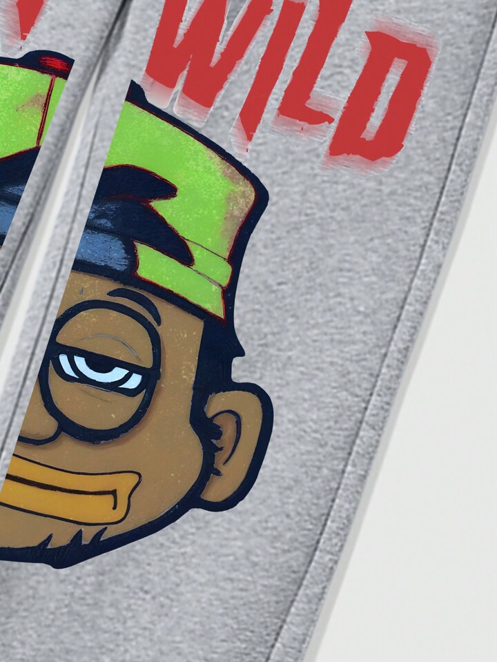Street Life Herren Jogginghose mit Kordelzug in der Taille, lockerem weiten Bein und Cartoon-Buchstaben-Muster mit Tasche
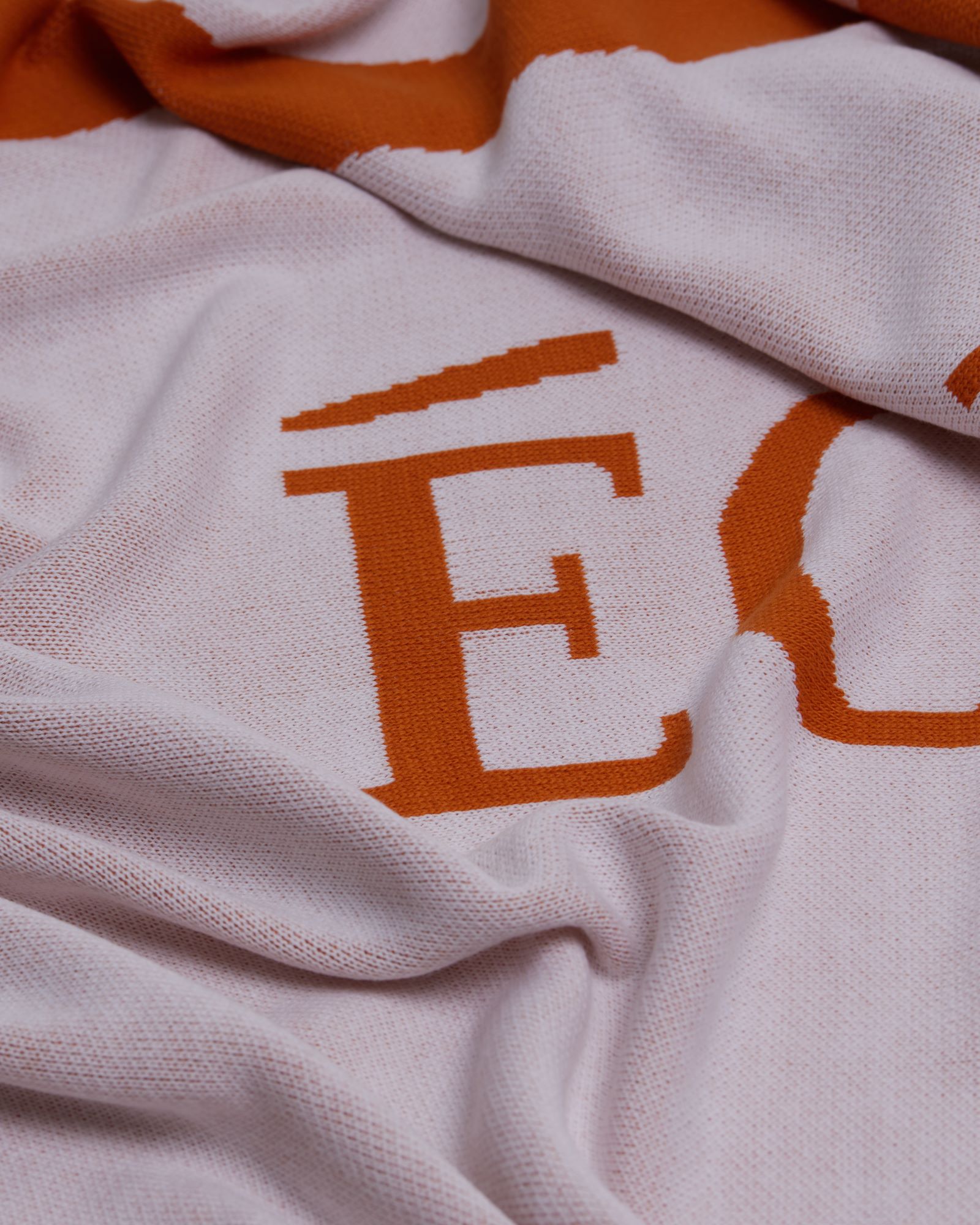 плед выполнен в технике жаккардового переплетения с уникальным дизайном бренда.
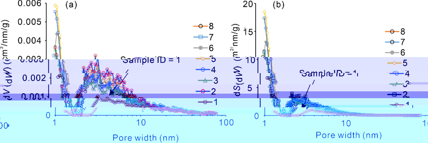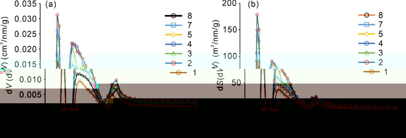 圖3 從N2 吸附等溫線獲得的孔徑分布。(a)孔體積分布與孔寬的關系。(b)孔SSA與孔寬的關系。dV/dW 和dS/dW 圖均顯示孔徑的單峰分布。然而,樣品1表現出不同的方式,孔寬變大,但孔體積和孔SSA變小。
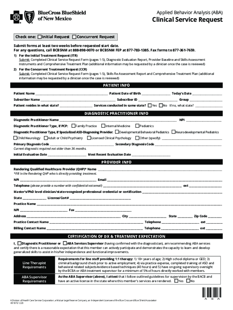 Applied Behavior Analysis (ABA)Clinical Service Request Check one:Initial RequestConcurrent RequestSubmit forms at least two weeks before requested start date. For any questions, call BCBSNM at 8888980070
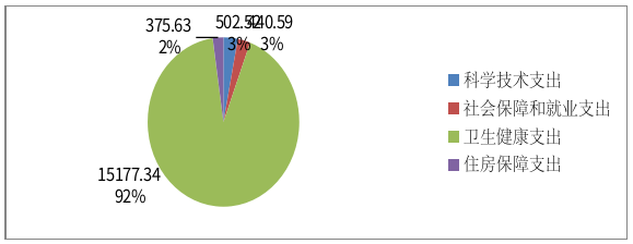 2022年一般公共预算财政拨款支出16496.08万元,主要用于以下方面:科学技术支出502.52万元,占3.05%;社会保障和就业支出440.59万元,占2.67%;卫生健康支出15177.34万元,占92.01%;住房保障支出375.63万元,占2.27%。

* **Problem to work on**:
Every record above must reappear exactly in the answer, minus its pictures.

* **Your solution**:
Street Life Herren Jogginghose mit Kordelzug in der Taille, lockerem weiten Bein und Cartoon-Buchstaben-Muster mit Tasche
 плед выполнен в технике жаккардового переплетения с уникальным дизайном бренда.
 圖3 從N2 吸附等溫線獲得的孔徑分布。(a)孔體積分布與孔寬的關系。(b)孔SSA與孔寬的關系。dV/dW 和dS/dW 圖均顯示孔徑的單峰分布。然而,樣品1表現出不同的方式,孔寬變大,但孔體積和孔SSA變小。
 Applied Behavior Analysis (ABA)Clinical Service Request Check one:Initial RequestConcurrent RequestSubmit forms at least two weeks before requested start date. For any questions, call BCBSNM at 8888980070
 2022年一般公共预算财政拨款支出16496.08万元,主要用于以下方面:科学技术支出502.52万元,占3.05%;社会保障和就业支出440.59万元,占2.67%;卫生健康支出15177.34万元,占92.01%;住房保障支出375.63万元,占2.27%。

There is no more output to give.